Both simple Fisher test and mutation-propensity-corrected test results are reported. To use the latter you need to compile the C code in c-utils/random_binsize_fisher. A simple make will do, no need to move the executable, no further dependencies. Alternatively you can comment it out in the python script (the invocation point is called 'size_corrected_pvals_C').

The C code is neutral on the issue of how to measure the mutation propensity (actually it does not know anything about the mutation, it only samples from a non-uniform distribution). Trial and error seems to indicate that assigning a measure that is directly proportional to the number of mutations tends to significantly over-estimate the expected co-occurrence of mutations. As of this writing, the question remains open.

48_co-ocurrence_of_mutations_and_lack_thereof.py. This script will take a single gene and output some prep files for calculating the co-occurrence propensity of mutations in this gene against all other protein coding genes in the human genome. It is supposed to work in pair with the following script.

50_co-ocurrence_postprocess.py. What 45_two_gene_co-ocurrence.py script does for a single gene, this script repeats for one-against-all case: it reads the output from 48_co-ocurrence_of_mutations_and_lack_thereof.py and adds Fisher and mutation-propensity-corrected stats for the co-occurrence of mutations.

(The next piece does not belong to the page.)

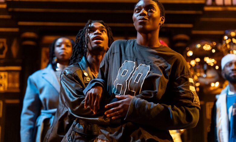 Intersecting with Shakespeare’s elite heritage, this story about Black lives achieves unusual gravitas and validity here, where flickering candles suggest the ephemerality of life and Fynn-Aiduenu is not just a director but a world-maker. He skilfully blends pop culture – from TV to marching bands – into the traditional space, creating a multi-dimensional universe where universal human stories are described through a Black lens. He pushes the boundaries that contain the narrative, surrounding the spectators in the action from the encircling corridors. We become part of Deep’s world, reflected on shining silver domes onstage, sharing space and perhaps complicity. A new blend of audience is created – forged from the hip hop world and that of classic theatre.
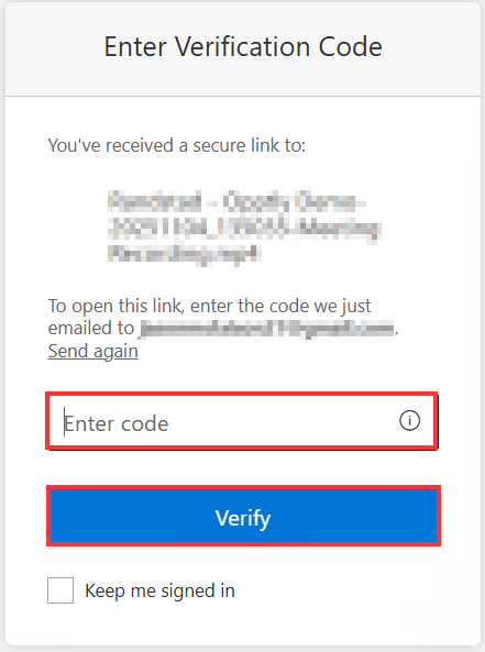 They will then need to enter the verification code when prompted, and click Verify to start playing the recording.

This might take several hours for a highly mutated gene such as TP53.

56_silent_to_nonsilent_ratio.py. Silent-to-nonsilent ratio of mutations for all protein coding genes in the database.

58_silent_to_nonsilent_plot.py. Plot of the previous, using Matplotlib.

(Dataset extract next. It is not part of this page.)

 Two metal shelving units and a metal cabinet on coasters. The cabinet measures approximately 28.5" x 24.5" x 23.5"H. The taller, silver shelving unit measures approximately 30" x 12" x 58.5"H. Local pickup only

60_clustering_on_the_structure.py. Given gene symbol, a protein structure in the PDB format and the name of the "background" gene, the script produces statistical estimate of the (non)randomness of the mutation positions seen in cancers when mapped on the protein structure. The script also produces input for PyMol.

The script relies on a piece of C-code, to be found in c-utils/clustering. A simple make will do, no need to move the executable, no further dependencies.

Three pairs of output files are produced, one for mutations seen in the wt background gene, one for mutated background gene, and one for all mutations, irrespective of the background status: *output files that list the membership of the clusters on the structure, and *pml files, the PyMol visualization scripts. If you are not familiar with PyMol, click here for some pointers.

Note that you are on your own to procure the PDB structure and assure that the residues there are not mutated and their numbering corresponds to the canonical transcript of the gene.

TODO

  • disentangle from Annovar - we have all the info we need to do own annotation here
  • why does deleting normal samples take so long? ( 11_delete_variants_from_normal.py)
  • when re-annotating we are looking only at positions already labeled as having aa_change
  • note to myself: there seems to be a problem in ENSEMBL homo_sapiens_core_94_38 with exon frame/phase assignment e.g. ENST00000435165 (ENSG00000118473), chrom 1, + strand, the translation starts at 67161031. The first exon is [67160376, 67161176> yet the phase in ensembl is listed as -1, which should indicate that translation does not start in this exon at all. Alternatively, ENST00000435165 is listed to start in ENSE00001951262, which has phase listed as -1. Another example: ENST00000334103 ENSG00000186094, frames listed in Ensembl vs UCSC. I have not used the phase info here, but it should be kept in mind that it is unreliable.
  • annotation in the production stage is incomplete, possibly because of the mismatch between TCGA/ICGC ref assembly and GRCh28 that is currently the standard with Ensembl
  • there might be some errors in the re-annotation 32_reannotate_positions.py - coding sequences from biomart not correct (e.g ENST00000366645 vs the same seq on the Ensembl website the same seq on the Ensembl website)

P.S.

Do not use locks in MySQL. Locks are evil. Good luck with the rest.